Sekisui Chemical has developed a material that can triple the capacity of lithium ion batteries, allowing electric vehicles to travel about 600km on a single charge -- roughly as far as gasoline-powered cars can go without refilling.
The new material stores electricity using silicon instead of conventional carbon-based materials. The company's silicon alloy overcomes the durability issue that had kept silicon from being used.
Sekisui Chemical also developed a new material for the electrolyte, which conducts electricity within the batteries. This eliminates the need for equipment to inject liquid electrolyte into batteries, stepping up battery production by 10-fold.
The company believes that the new material can bring battery production costs down to just above 30,000 yen ($290) per kilowatt-hour, a decrease of more than 60 percent from around 100,000 yen ($976) today, according to a report in Nikkei.

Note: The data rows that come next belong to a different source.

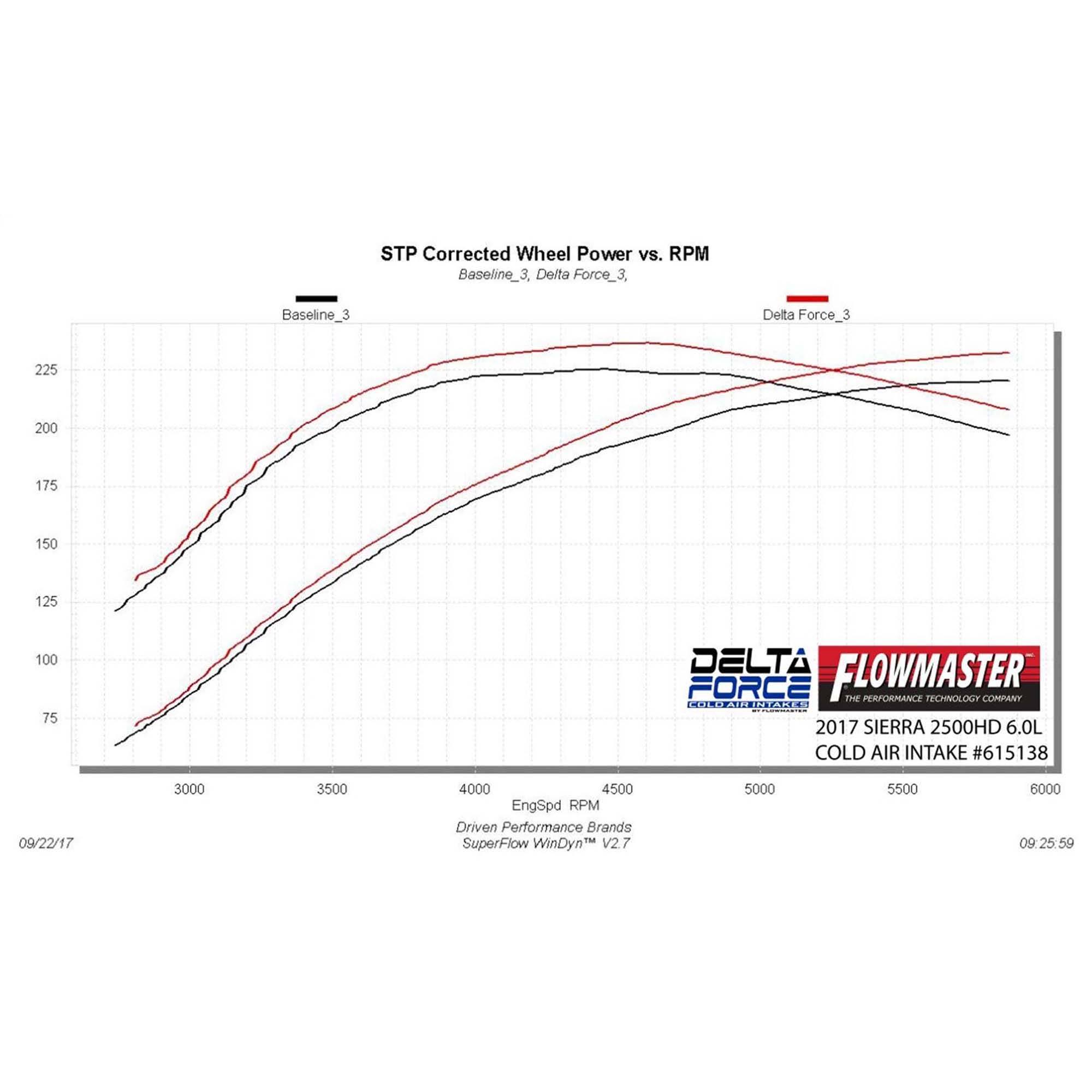 Take the performance of your vehicle to the next level with the addition of Flowmaster’s new Delta Force Performance Air Intake system for 2016-2018 GM 2500HD Silverado/Sierra with 6.0L engine. The Delta Force system contains an ultra-trick looking, custom molded black Cross-Linked Polyethylene (XLPE) high-flow intake tube, black anodized aluminum fittings (when applicable), high quality reinforced silicone couplers and all stainless steel hardware.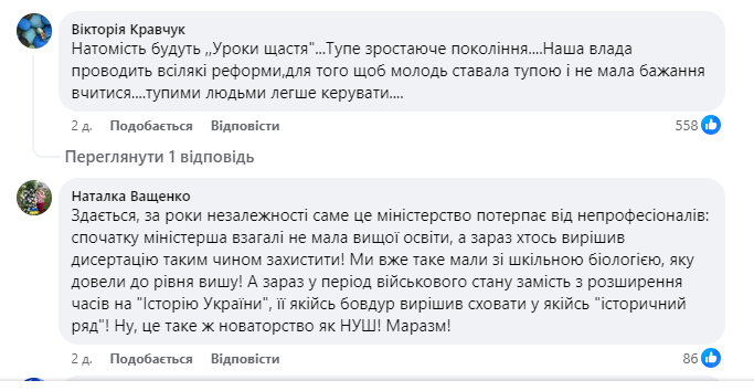 Проте, запропоновані зміни викликали бурхливу дискусію в суспільстві. Багато хто підтримує ідею розширення історичної освіти, вважаючи її необхідною для всебічного розвитку особистості. Водночас, є й ті, хто висловлює занепокоєння щодо надмірного навантаження на учнів та необхідності додаткових ресурсів для реалізації таких програм.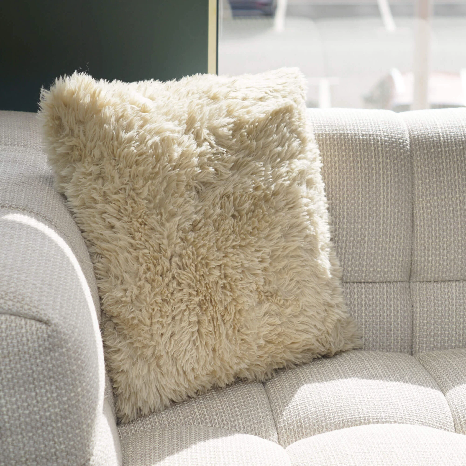 Snuggle up by the fireside in lavish style with the Joanna Sand Beige Faux Sheepskin Square Sofa Cushion. Upholstered in a sand beige faux sheepskin fabric with a feather filling, the Joanna cushion is perfect for further creating a snuggly, inviting and impactful corner in your home. Inspired by the aesthetics of a rustic, ski-lodge retreat, the Joanna cushion features a square shape and a textured effect to effortlessly create a chic look that complements the irresistibly soft and premium-quality polyester, to deliver a refined and versatile design.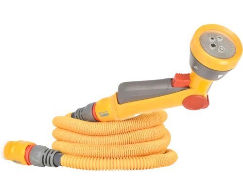 Nová lehká, pružná hadice s měkkým, tkaným vnějším pláštěm. Po poklesu tlaku vody v hadici se mírně roztáhne na trojnásobek své vlastní délky. Oba konce hadice jsou sériově vybaveny přípojkou na hadici s vodním zastavením, která udržuje stálý tlak v hadici a brání nežádoucímu smršťování hadice během používání. Díky velmi elastické vnitřní vrstvě z přírodního kaučuku nemůže hadice prasknout. Po použití jednoduše odšroubujte hadici na straně kohoutku. Zbytek vody v hadici lze snadno vyprázdnit na požadovaném místě na zahradě. Hadice má délku 12,5 m a je ideální pro malé zahrady, terasy nebo balkóny. Dodává se s příslušenstvím, univerzální armaturou a nastavitelnou zahradní stříkačkou.Parametry

Lithium-ion batteries are a type of non-aqueous electrolyte rechargeable battery where the lithium-ion inside the electrolytes supplies the electrical conductivity. Standard models have lithium metal oxides at the positive electrode and a carbon material such as graphite at the negative electrode, and usually use electrolytic solution.
Using electrolytic solution is a barrier to ensuring the safety of the lithium-ion battery, and many research institutes are seeking to solidify the electrolytic solution, but from the perspective of performance and productivity, electrolytic solution remains the standard substance.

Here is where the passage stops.